Attached patch based on:
http://www.postgresql.org/message-id/CAPpHfdssY+qEPDCOvxx-b4LP3ybR+qS04M6-ARgGKNFk3FrFow@mail.gmail.com

and adds selectivity estimation functions to @@ (port from tsquery). Now we
support &&, @>, <@ and @@.
In addition it was written migration to version 1.1 intarray. Because of what
this patch requires my other patch:
http://www.postgresql.org/message-id/14346041.DNcb5Y1inS@dinodell

Alexander Korotkov know about this patch.

Thanks.

--
Uriy Zhuravlev
Postgres Professional: http://www.postgrespro.com
The Russian Postgres Company
Attachment

Re: Selectivity estimation for intarray with @@

From
Jeff Janes
Date:
On Tue, May 26, 2015 at 4:58 AM, Uriy Zhuravlev <u.zhuravlev@postgrespro.ru> wrote:
Hello.

Attached patch based on:
http://www.postgresql.org/message-id/CAPpHfdssY+qEPDCOvxx-b4LP3ybR+qS04M6-ARgGKNFk3FrFow@mail.gmail.com

and adds selectivity estimation functions to @@ (port from tsquery). Now we
support &&, @>, <@ and @@.
In addition it was written migration to version 1.1 intarray. Because of what
this patch requires my other patch:
http://www.postgresql.org/message-id/14346041.DNcb5Y1inS@dinodell

Alexander Korotkov know about this patch.


Hi Uriy,

This patch looks pretty good.

The first line of intarray--1.1.sql mis-identifies itself as "/* contrib/intarray/intarray--1.0.sql */"

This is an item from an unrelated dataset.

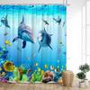 Zasłona prysznicowa z delfinem Niebieski podwodny świat Życie morskie Tkanina poliestrowa Dziecięcy zestaw dekoracyjny do łazienki z motywem oceanicznym z 12 haczykami
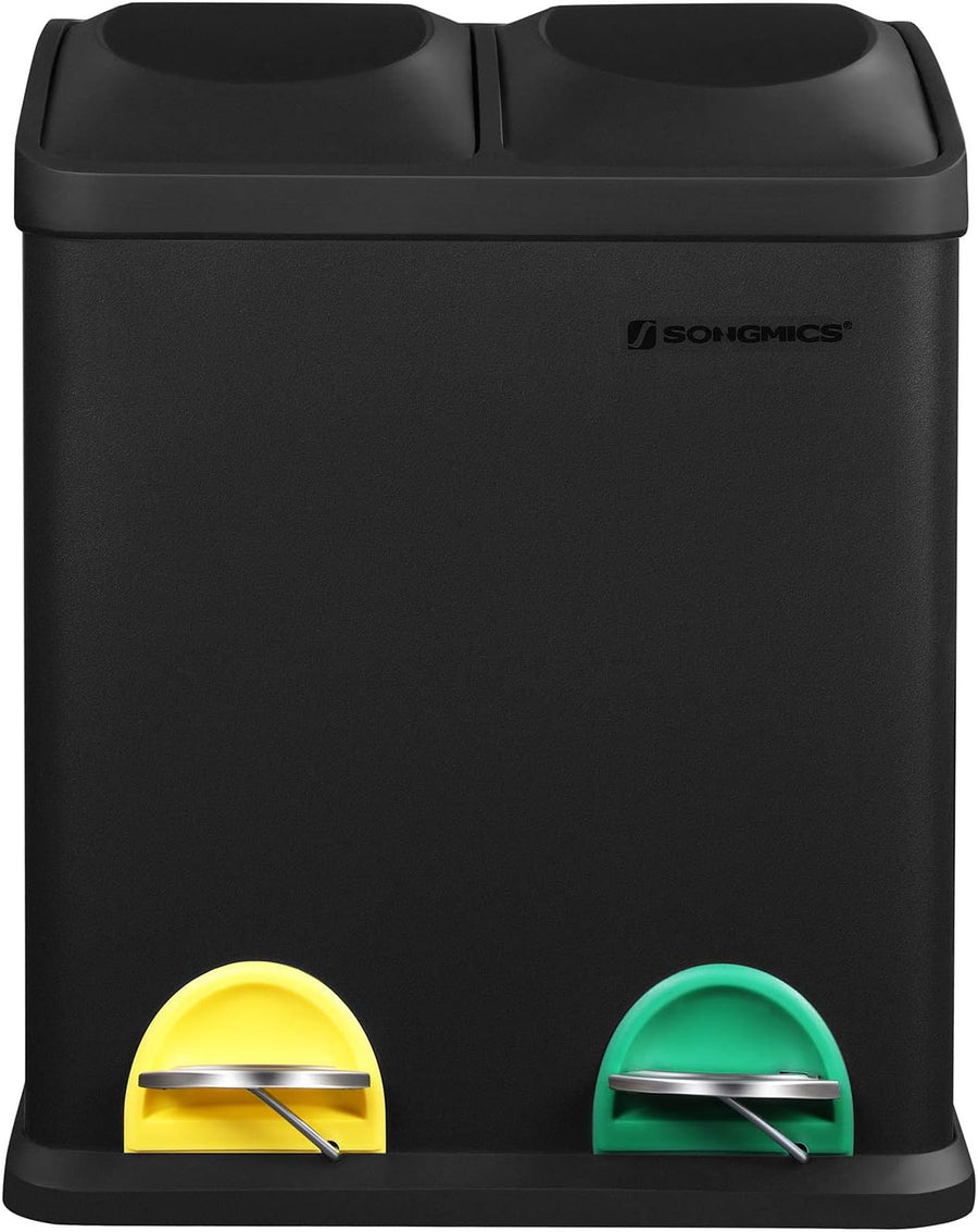SONGMICS Küchenmülleimer, 2 x 15 l, Doppeleimer für Recycling und Abfall, Treteimer mit zwei Fächern

The real file intarray--1.0.sql file probably should not be included in the final patch, but I like having it for testing.

It applies and builds cleanly over the alter operator patch (and now the commit as well), passes make check of the contrib module both with and without cassert.

I could succesfully upgrade from version 1.0 to 1.1 without having to drop the gin__int_ops indexes in the process.

I could do pg_upgrade from 9.2 and 9.4 to 9.6devel with large indexes in place, and then upgrade the extension to 1.1, and it worked without having to rebuild the index.

It does what it says, and I think we want this.

There were some cases where the estimates were not very good, but that seems to be limitation of what pg_stats makes available, not of this patch.  Specifically if the elements listed in the query text are not part of most_common_elems (or worse yet, most_common_elems is null) then it is left to guess with no real data, and those guesses can be pretty bad.  It is not this patches job to fix that, however.

It assumes all the stats are independent and so doesn't account for correlation between members.  This is also how the core selectivity estimates work between columns, so I can't really complain about that.  It is easy to trick it with things like @@ '(!300 & 300)'::query_int, but I don't think that is necessary to fix that.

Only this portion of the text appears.